55 Missionaries of Charity Nuns Restored to Electoral Rolls, Vote in Kolkata Today

Nuns of the Missionaries of Charity queue to vote in Kolkata. Samir Jana/Hindustan Times on X.com

A tribunal cleared 55 nuns of the Missionaries of Charity (MC) for inclusion in Bengal’s supplementary electoral rolls on April 28, just hours before polling began in Kolkata, restoring their voting rights in time for the second phase of the West Bengal Assembly elections. The nuns, all registered voters in the Chowringhee assembly constituency, had been dropped from the rolls after judicial scrutiny and subsequently moved the tribunal seeking reinstatement.

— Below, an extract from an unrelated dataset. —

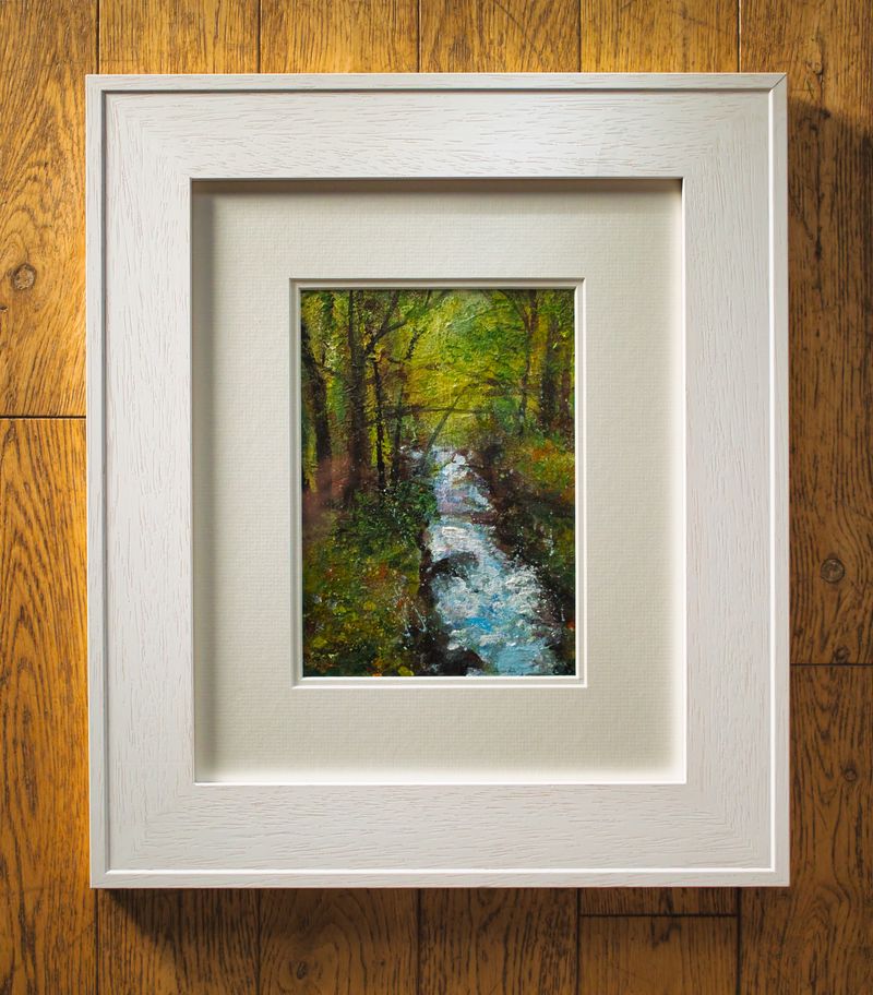 / ‘Meandering Stream, Rouken Glen, Acrylic on board, 44cm x 39cm including professional white frame, £260

An MC sister from Mother House confirmed the development to the media. “Nearly 55 names of sisters across the city have been cleared by the tribunal and included in the electoral rolls. They will cast their vote on Wednesday morning. We had help from Rajya Sabha MP Derek O’Brien on this matter and we are thankful to him. We are also grateful to EC that they have looked into our issue and the tribunal cleared the names,” she said.

The nuns’ reinstatement was made possible by a Supreme Court order of April 16, which invoked Article 142 to direct the Election Commission to publish supplementary rolls carrying the names of all voters cleared by tribunals before April 27, making them eligible to vote in today’s second phase.

The problem had begun weeks earlier when the SIR process removed dozens of sisters whose only permanent address was a congregation home, either the Mother House or Nirmala Shishu Bhavan, treating institutional residence as insufficient proof of domicile. The MC had written to the Election Commission after the deletions, and the affected nuns moved the tribunal. In the first round of hearings alone, over 120 sisters registered in Chowringhee were summoned because the Election Commission could find no trace of them in any previous SIR exercise across any state or union territory, the nearest reference point being Bengal’s 2002 rolls.

During the hearings, the nuns produced passports, PAN cards, Aadhaar cards and church certificates. However, an EC source pointed to a structural difficulty: “Many could not provide documents of their parents or birth certificates, making it difficult to prove linkages. Since their names also change upon embracing sisterhood, previous documents may not match with their current names.”

The process also surfaced an unusual pattern in the enumeration forms. Some sisters had listed their fathers’ names, while others had named Saint Teresa or Sister Nirmala as their mother or parent. A sister explained: “We are religious sisters belonging to a congregation. We consider Mother Teresa and Sister Nirmala as our spiritual mothers, so many of the sisters named them as mothers or parents.”

The February 28 final list brought partial relief, restoring some names, but others disappeared from it without any explanation being offered. The sisters whose names were dropped refused to accept the deletions and appealed, a process that culminated in Tuesday’s tribunal ruling and their inclusion in the supplementary rolls published ahead of today’s polling.

The Missionaries of Charity was founded by Saint Teresa of Calcutta and is headquartered in Kolkata, where it runs homes and missions across the city. Chowringhee sitting MLA and TMC candidate Nayna Bandyopadhyay had earlier said: “It is unfortunate that names of MoC sisters have been removed.”